On of the tenants of testing, at least on of my tenants, is that your tests should mirror how your code will be used and called in production. If you don’t treat tests as basically a client calling your code, you are not testing how that code behaves when it is actually being used. By thinking about how you would like to test your code, it allows you think about how you would like to use it before you implement. This allows software engineers to think about the modules they would need to implement, were that responsibility lies and who should implement what. Every developer should strive to make the most usable application possible, the unit of code that they write is no different.
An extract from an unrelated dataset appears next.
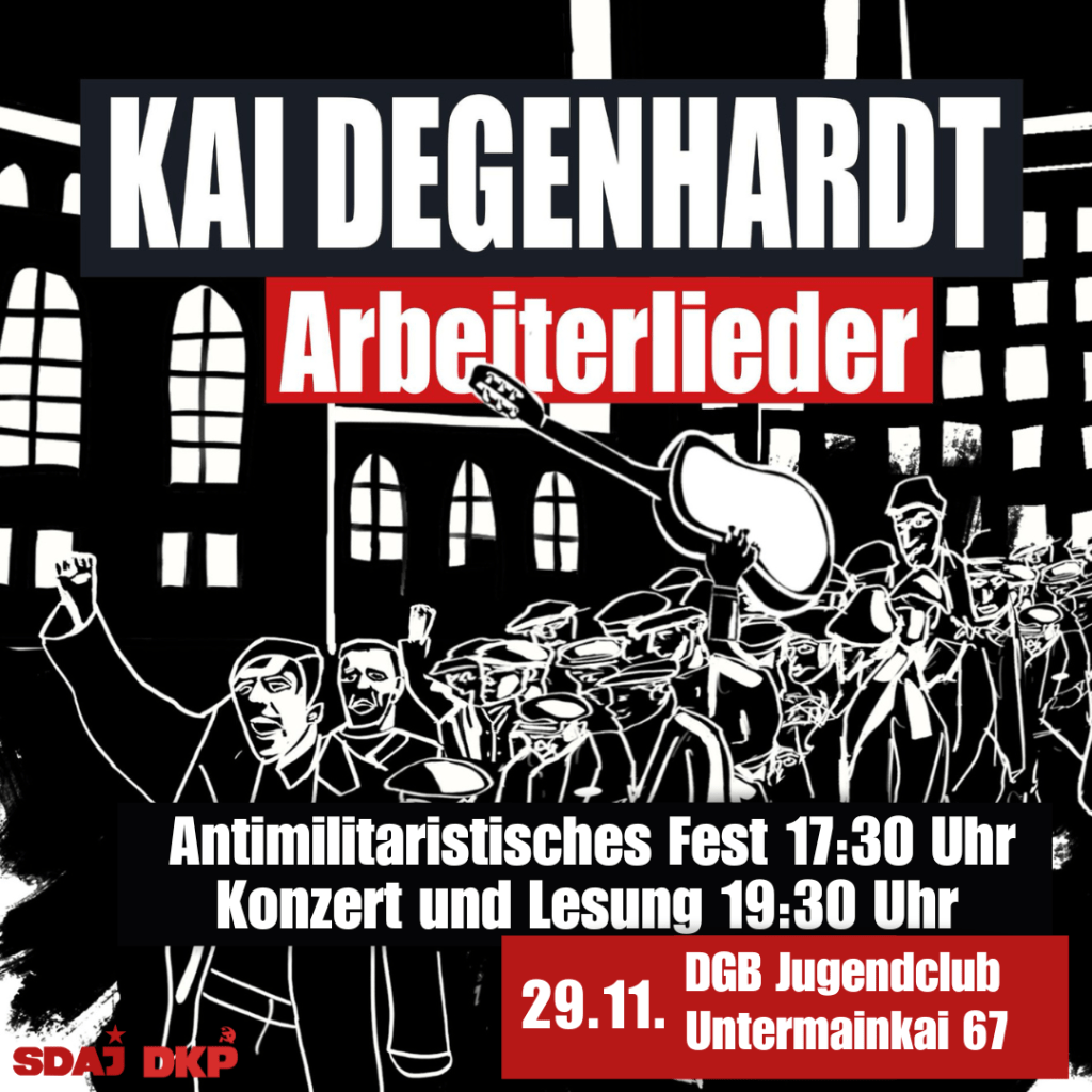 Ab 17:30 Uhr findet am gleichen Ort ein antimilitaristisches Fest der SDAJ Hessen statt – in Zeiten von Wehrpflicht und Kriegstüchtigkeit notwendiger denn je.

Another crucial piece of thinking about how your code will be used, is also thinking about how your code will be extended. Testing is a great test of whether your code is extensible. Instead of modifying your code to operate in a test environment, you should be able to add that behaviour in the test environment. The only modifications to your code should be to match the current behaviour that your tests are, well, testing. Think about what and how test behaviour should be injected into your code makes it clear what points of your code may need to be extensible and gives you a good blueprint an how that code can be extended.

And finally, what your code implements, aka the behaviour of the system, is an important aspect of programming in general. Thinking of what behaviour you are testing really just reaffirms and helps you plan your code before it is actually written in stone.

Some of my astute readers will recognize this as the underpinnings of the SOLID Principles.

A Word of Warning

Firstly, I am not advocating Test First Development, something that often gets confused with Test Driven Development. I am not saying that you necessarily write your tests firsts. I am saying that keep testing in mind when you write your code.

Personally, the way I work is I usually just write out what I would like my code to look like, then I write my tests, and finally I fill in the implementation of the code, usually. This allows me to see how the code will look and how it will feel when I will inevitably use it in the future, before too much code is written and it becomes too smelly. If I don’t do that, I will implement a tiny bit of code and then write the tests. This allows me to get my thoughts down on how a certain piece of software will behave before I forget, and still test the look and feel before I implement too much.

But the most important warning I can give is don’t be dogmatic. There are situations where this doesn’t work. Or you feel that it will make your code more complicated. It is important to be able to recognize when and where tests fail you personally and where you should skip tests. Finding the nuances in software engineering is what engineers do.

The Wrap Up.

It is time that we start talking more about testing, its effects on software design, and how thinking about tests first could improve overall software design. We need to stop treating TDD as a task and start talking about it as an approach to software engineering. We need to stop writing tests for the sake of writing tests and start using tests as a way to write down and try out our thoughts before we forget about them or before it becomes too hard to change. If we are writing tests to simply make them pass at any cost, much of the value of tests diminishes and there is less of a focus on writing SOLID, maintainable code, causing more shitty code that somebody (probably you) will have to maintain.

It took sometime to figure this out for myself since I was so focused on the other benefits of TDD. Every conversation about TDD was about how it delivers confidence when you refactor, gives you a working contract that you can use to reimplement behavior, catch bugs before they are released, etc. But no conversations were really about Test Driven Design. And while all of those benefits are not small, they give of the feeling as not really delivering immediate value to the programmers. By talking about how we can design our code to better facilitate testing, software will be better designed and the immediate value of testing will be realized. And hopefully testing will become more prevalent.